As I wrote in an old Movie Legend, the original screenwriters of Back to the Future, Bob Gale and director Robert Zemeckis, never intended for the original film to have a sequel. In fact, Bob Gale gave an interesting interview where he discussed how they never would have ended the first film the way that they did if they intended on actually having a sequel. He noted:
Bob [Robert Zemeckis] has said many times before, if we knew we were going to make a part two, we would’ve never put Jennifer in the car at the end. When it came time for us to write part two, we didn’t know what we were gonna do with Jennifer. She wasn’t a very well-defined character, so we had no idea what to do with her. So, what do we do? Well, she’s sub-conscious for most of the film. [laughs]
By the time that the film was released on to VHS at the end of 1986, however, they had made a deal to put out a sequel to the film. Zemeckis at that point, though, was hard at work on the film that would eventually become Who Framed Roger Rabbit?, so he was not involved with the first crack at the screenplay for the sequel, which was at that time just referred to as “Number Two.” Gale’s first draft of the screenplay is pretty much the basic structure of the second film – Marty, Doc and Jennifer to 2015 (although it was October 7, 2015), Biff steals the Sports Almanac and goes back into the past to give it to his younger self, this creates an alternate 1985 and then Marty must go back to the past to stop Biff from giving the book to his younger self.
However, there was a major difference between the original draft and what was eventually made – Marty goes back to 1967!
In the made film, Biff goes back in time to 1955 to give the book to his younger self. In Gale’s first screenplay, he has Biff go back to September 20, 1967 instead (he chooses that date because he recalled that he had inherited $20,000 on that date). Marty travels back and ends up in jail. He is bailed out by his mother, Lorraine, who is married with two young children (Marty’s older brother and sister) at this point in time. However, by coming to bail Marty out of jail, Lorraine cancels a trip to San Francisco for a weekend of romance with her husband George, who is attending Graduate School in San Fran. Marty quickly does the math and realizes that that romantic weekend is roughly nine months before he was born and thus, Marty has once again caused a change to history that will result in him never being born!

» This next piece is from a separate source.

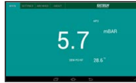
mBAR / TEMPERATURE
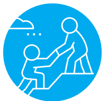
Friends on Staff Professional Mentors

So Marty must get Lorraine to San Francisco for her visit with George while also getting the Sports Almanac back from Biff.
It was Robert Zemeckis who suggested that it would be a lot more interesting if they went back to the same year of the first movie, as they could play around with paradoxes and multiple people in the same place coming from different time periods.
Gale’s first draft, by the way, was written with the presumption that Crispin Glover was not returning for the sequel, and thus George McFly was completely written out of the film (he has passed away by 2015, he is killed in the alternate 1985 timeline and he is away at graduate school in 1967). When they changed 1967 to 1955, they had to then make room for George in the film, so I guess they figured that they might as well use the character in 2015, as well.
Interestingly enough, the second movie also did not end with a set-up for a third movie. The film ends with Doc explaining to Marty that his future is not yet written (this is because in this draft, just like the final film, Marty’s life in the future was ruined due to an accident he got into in 1985 due to his inability to turn down a challenge, even a dangerous one). However, just like how Zemeckis and Gale changed their screenplay for the first film due to the logistics of filming Marty traveling back to the future in a refrigerator, a logistical issue also led to a change in the second film. Michael J. Fox was ending his time on Family Ties (his rigid Family Ties schedule caused them to have to shoot almost the entire first film late at night after Fox finished his TV shooting schedule) and his TV schedule would be completely open after the finish of the filming of the second film, so Zemeckis figured that they should use that open schedule to shoot a third movie right after they finished filming the second one (as nobody had any idea where Michael J. Fox’s career was going to go, so they figured they might as well lock him in for another movie while they had him). Thus, they changed the ending of the second film to set-up the final film in the trilogy.